- _DATA RECORDS_:
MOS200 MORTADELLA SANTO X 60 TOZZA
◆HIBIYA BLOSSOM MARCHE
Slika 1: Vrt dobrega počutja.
* * *
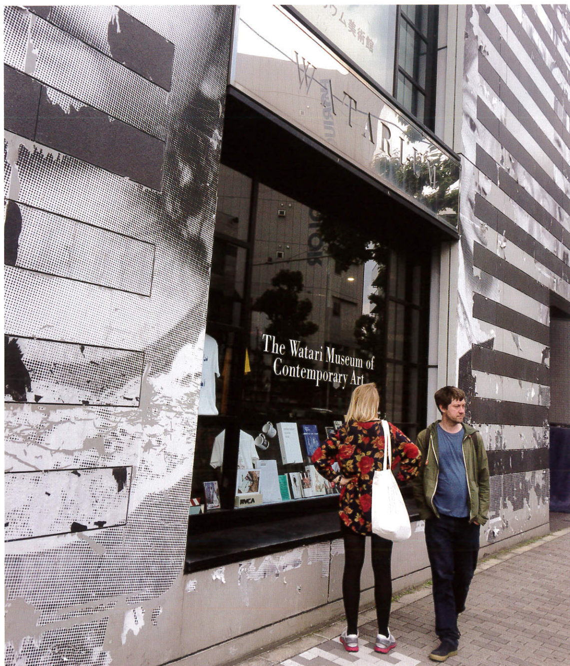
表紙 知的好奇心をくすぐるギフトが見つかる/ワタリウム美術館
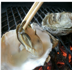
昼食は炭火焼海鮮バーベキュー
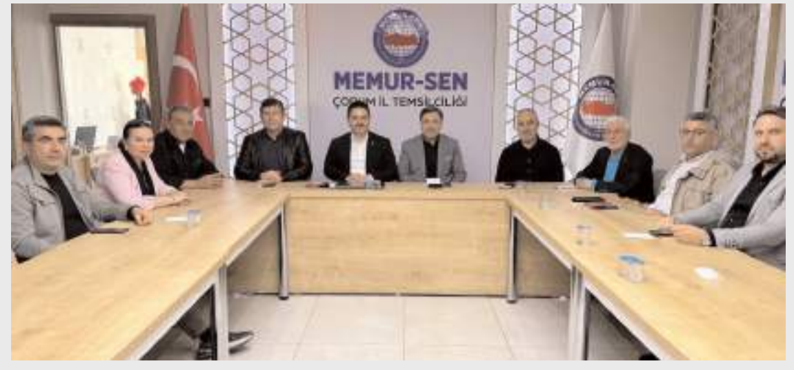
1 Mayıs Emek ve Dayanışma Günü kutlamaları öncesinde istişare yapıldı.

- _TASK ITEM_: In the data above, which lines lie between the line with "MOS200 MORTADELLA SANTO X 60 TOZZA" and the line with "Slika 1: Vrt dobrega počutja.", inclusive? Print those lines exactly and nothing else.

- _EXERCISE ANSWER_:
MOS200 MORTADELLA SANTO X 60 TOZZA
◆HIBIYA BLOSSOM MARCHE
Slika 1: Vrt dobrega počutja.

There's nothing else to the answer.